Summary of Comments ( 392 )
https://news.ycombinator.com/item?id=43518866
Hacker News users discussed the privacy implications of app usage data being readily available to mobile carriers and how this data can be used for targeted advertising and even more nefarious purposes. Some commenters highlighted the ease with which this data can be accessed, not just by corporations but also by individuals with basic technical skills. The discussion also touched upon the ineffectiveness of current privacy regulations and the lack of real control users have over their data. A few users pointed out the potential for this data to reveal sensitive information like health conditions or financial status based on app usage patterns. Several commenters expressed a sense of resignation and apathy, suggesting the fight for data privacy is already lost, while others advocated for stronger regulations and user control over data sharing.
The Hacker News post "Everyone knows all the apps on your phone" (linking to a Substack article about app usage data collection) generated a lively discussion with several compelling comments.
Many commenters discussed the technical mechanisms behind this data collection, pointing out that it goes beyond simply tracking app store downloads.

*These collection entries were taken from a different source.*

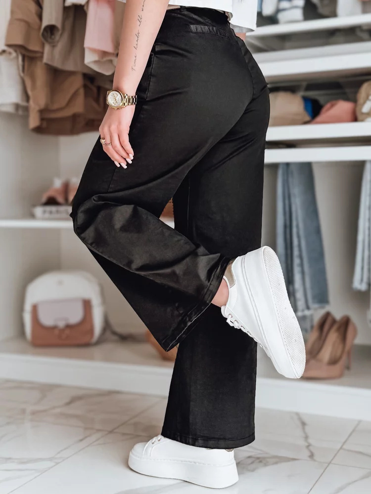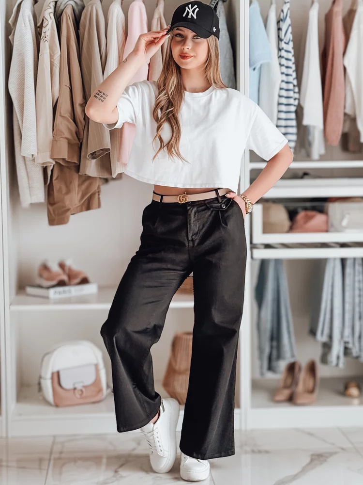 Spodnie wide leg z wysokim stanem to must-have w każdej garderobie. Dopasowana talia podkreśla sylwetkę, a rozszerzane nogawki optycznie wydłużają nogi. Zapinane na zamek i guzik, posiadają ozdobne kieszenie i urocze detale, które dodają im unikalnego charakteru. Bawełniane, lekkie spodnie to doskonała baza do codziennych stylizacji. Świetnie komponują się z casualowymi T-shirtami lub w mniej formalnych zestawach.
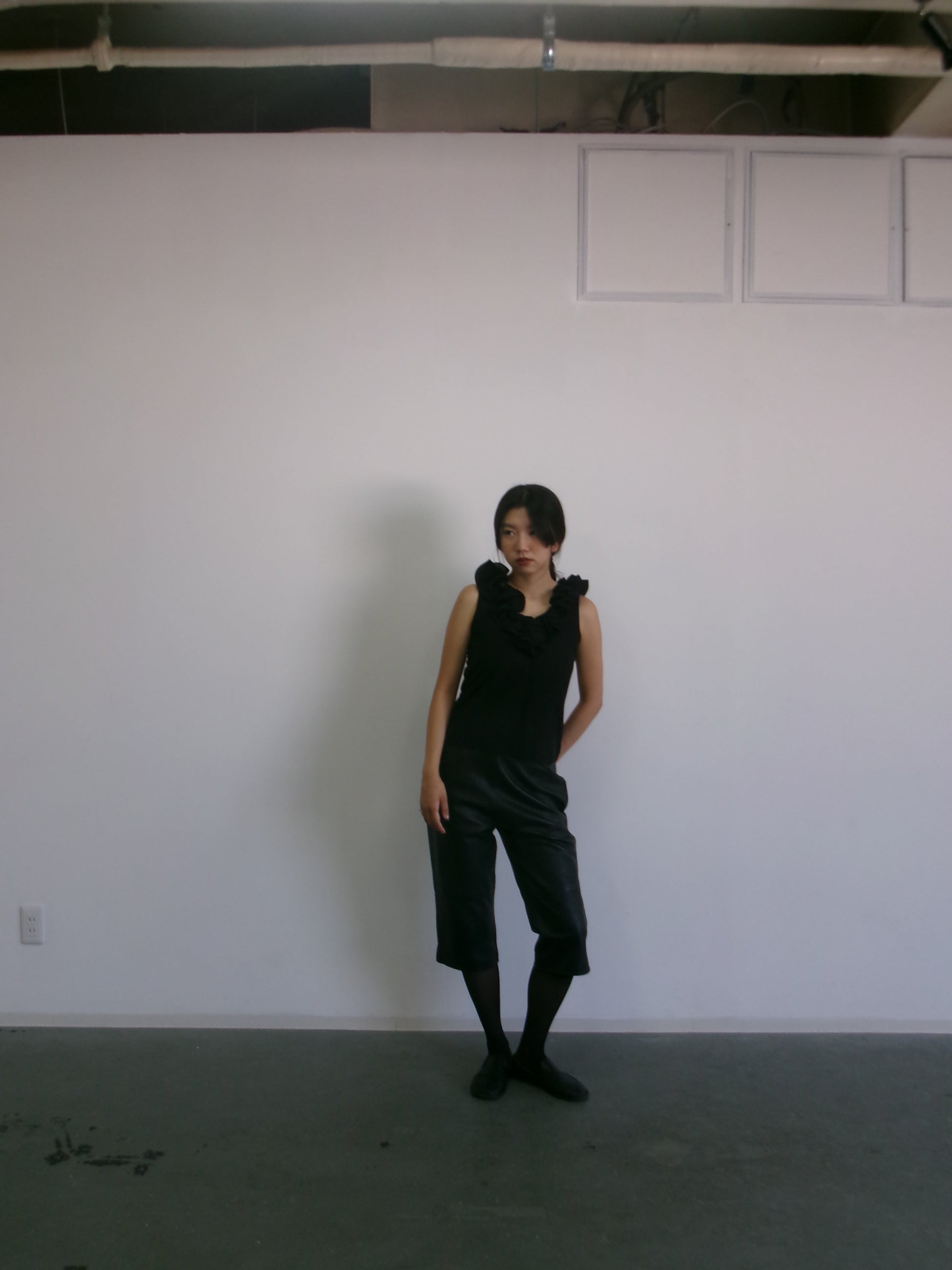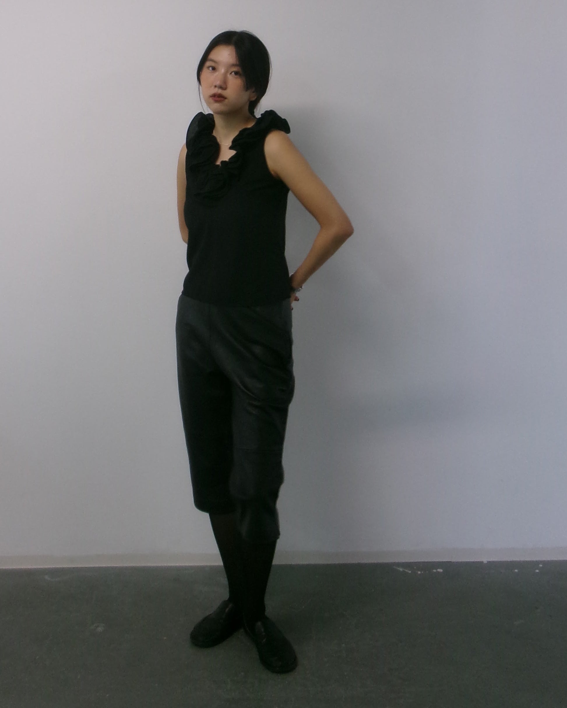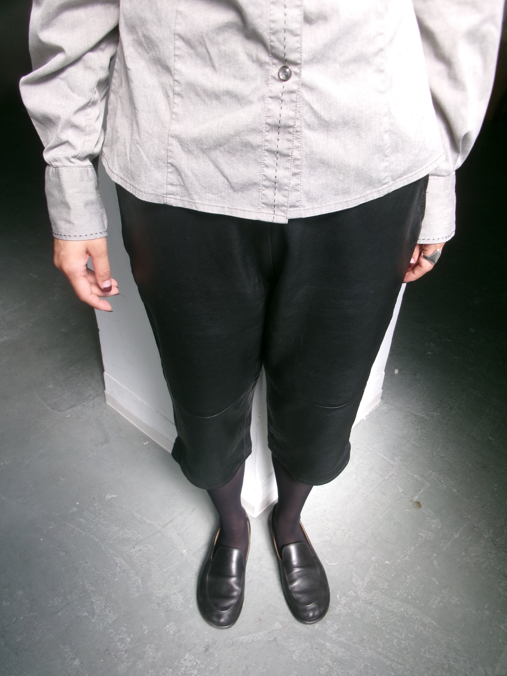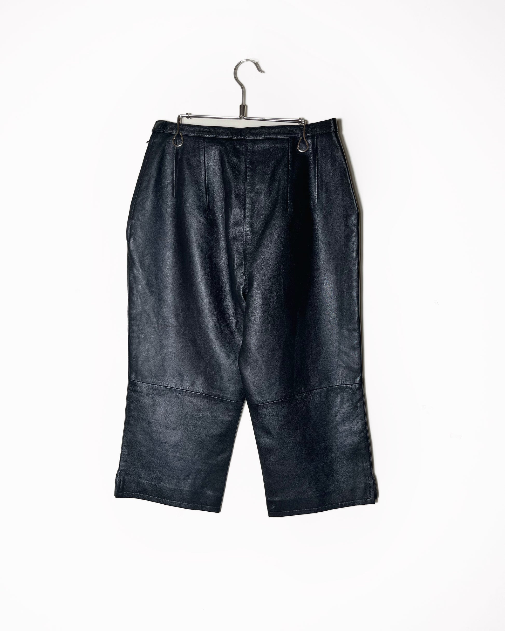 最高級品質のラムナッパレザーを使用したレザーカプリ。非常にきめの細かく、柔らかな手触りのレザー。膝下でカットされたクロップド丈のデザインは、90年台初頭のトレンド感を加えつつ、現代においてもタイムレスに美しく来ていただけます。
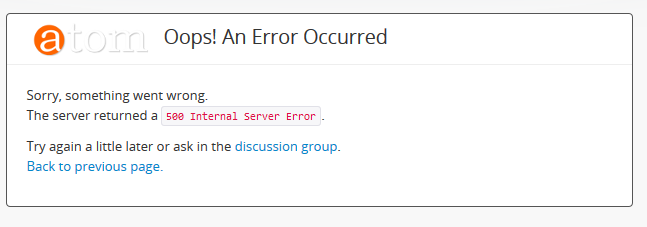 An image of a 500 error message
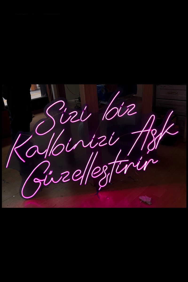 Neon Led Işıklı Sizi Biz Kalbinizi Aşk Güzelleştirir Yazılı Şeffaf Pleksi Üzerine Neon Led Tabela,
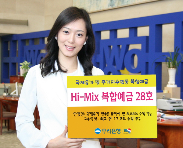 [프라임경제] 우리은행은 원금은 보장하면서 국제유가와 국내 증시에 투자해 고수익을 추구하는 신상품 하이-믹스(Hi-Mix) 복합예금 28호를 다음달 7일까지 판매한다고 밝혔다.

Several highlighted the role of "device graphs," which link together various devices and online identities belonging to the same individual through sophisticated cross-referencing of information like IP addresses, advertising identifiers, and shared accounts. This allows companies to build a comprehensive picture of a user's app usage even across different devices. Some elaborated on how this data is packaged and sold, emphasizing the scale and pervasiveness of this practice.
A recurring theme was the lack of genuine informed consent. Commenters argued that the current opt-out mechanisms are often buried in complex privacy policies or presented in a way that discourages users from exercising their choices. Some expressed skepticism about the effectiveness of privacy-focused operating systems or VPNs in fully mitigating this tracking, given the sophisticated techniques employed by data brokers.
Several commenters discussed the implications of this data collection, ranging from targeted advertising to potential misuse by governments or malicious actors. Some raised concerns about the chilling effect this surveillance could have on freedom of expression and association. The potential for discrimination based on inferred characteristics from app usage was also mentioned.
A few commenters offered practical advice on mitigating this tracking, such as regularly clearing advertising identifiers and being selective about the permissions granted to apps. However, there was a general consensus that individual efforts are insufficient and that stronger regulatory measures are needed to address the systemic nature of this data collection.
Some of the more compelling comments included specific examples of how this data is used, anecdotes about unexpected data linkages, and technical deep dives into the methods employed by data brokers. The discussion also touched upon the ethical implications of this practice and the broader societal consequences of widespread digital surveillance. While some comments offered a resigned acceptance of this reality, others expressed a desire for greater transparency and control over personal data.